It would be impossible to convey the wonder and the horror of Stephen King's latest novel in just a few words. Suffice it to say that Duma Key, the story of Edgar Freemantle and his recovery from the terrible nightmare-inducing accident that stole his arm and ended his marriage, is Stephen King's most brilliant novel to date (outside of the Dark Tower novels, in which case each is arguably his best work). Duma Key is as rich and rewarding as Rita Hayworth and the Shawshank Redemption (yes, that Shawshank Redemption), and as truly scary as anything King has written (and that's saying a lot). Readers who have "always wanted to try Stephen King" but never known where to start should try a few pages of Duma Key--the frankness with which Edgar reveals his desperate, sputtering rages and thoughts of suicide is King at the top of his game. And that's just the first thirty pages.... --Daphne Durham


Duma Key: Where It All Began
A Note from Chuck Verrill, the Longtime Editor of Stephen King
In the spring of 2006 Stephen King told me he was working on a Florida story that was beginning to grow on him. "I'm thinking of calling it Duma Key," he offered. I liked the sound of that--the title was like a drumbeat of dread. "You know how Lisey's Story is a story about marriage?" he said. "Sure," I answered. The novel hadn't yet been published, but I knew its story well: Lisey and Scott Landon--what a marriage that was. Then he dropped the other shoe: "I think Duma Key might be my story of divorce."

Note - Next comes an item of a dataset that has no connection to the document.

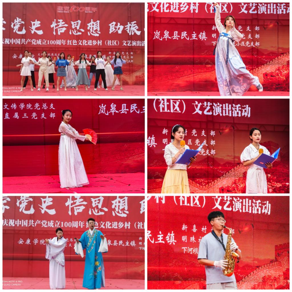为扎实推进党史学习教育走深走实,6月1日下午,文传学院党总支与直属三党支部把党史学习教育与助力乡村振兴相结合,进一步发挥社团活动优势,传承革命精神,带领支部10余名党员和学生文艺演出团队前往学校帮扶的岚皋县民主镇新喜村,开展了庆祝建党百年“学党史 悟思想 助振兴”红色文化进乡村文艺演出活动。
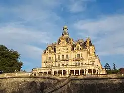 The Château d'Aubiry was used as a filming location in 1960 for the movie L'eau a la bouche by French director Jacques Doniol-Valcroze. It has been protected as an official French historical monument since 2006,[1] and was offered for sale in 2011 with an asking price of 21 million Euros.

Pretty soon I received a slim package from a familiar address in Maine. Inside was a short story titled "Memory"--a story of divorce, all right, but set in Minnesota. By the end of the summer, when Tin House published "Memory," Stephen had completed a draft of Duma Key, and it became clear to me how "Memory" and its narrator, Edgar Freemantle, had moved from Minnesota to Florida, and how a story of divorce had turned into something more complex, more strange, and much more terrifying.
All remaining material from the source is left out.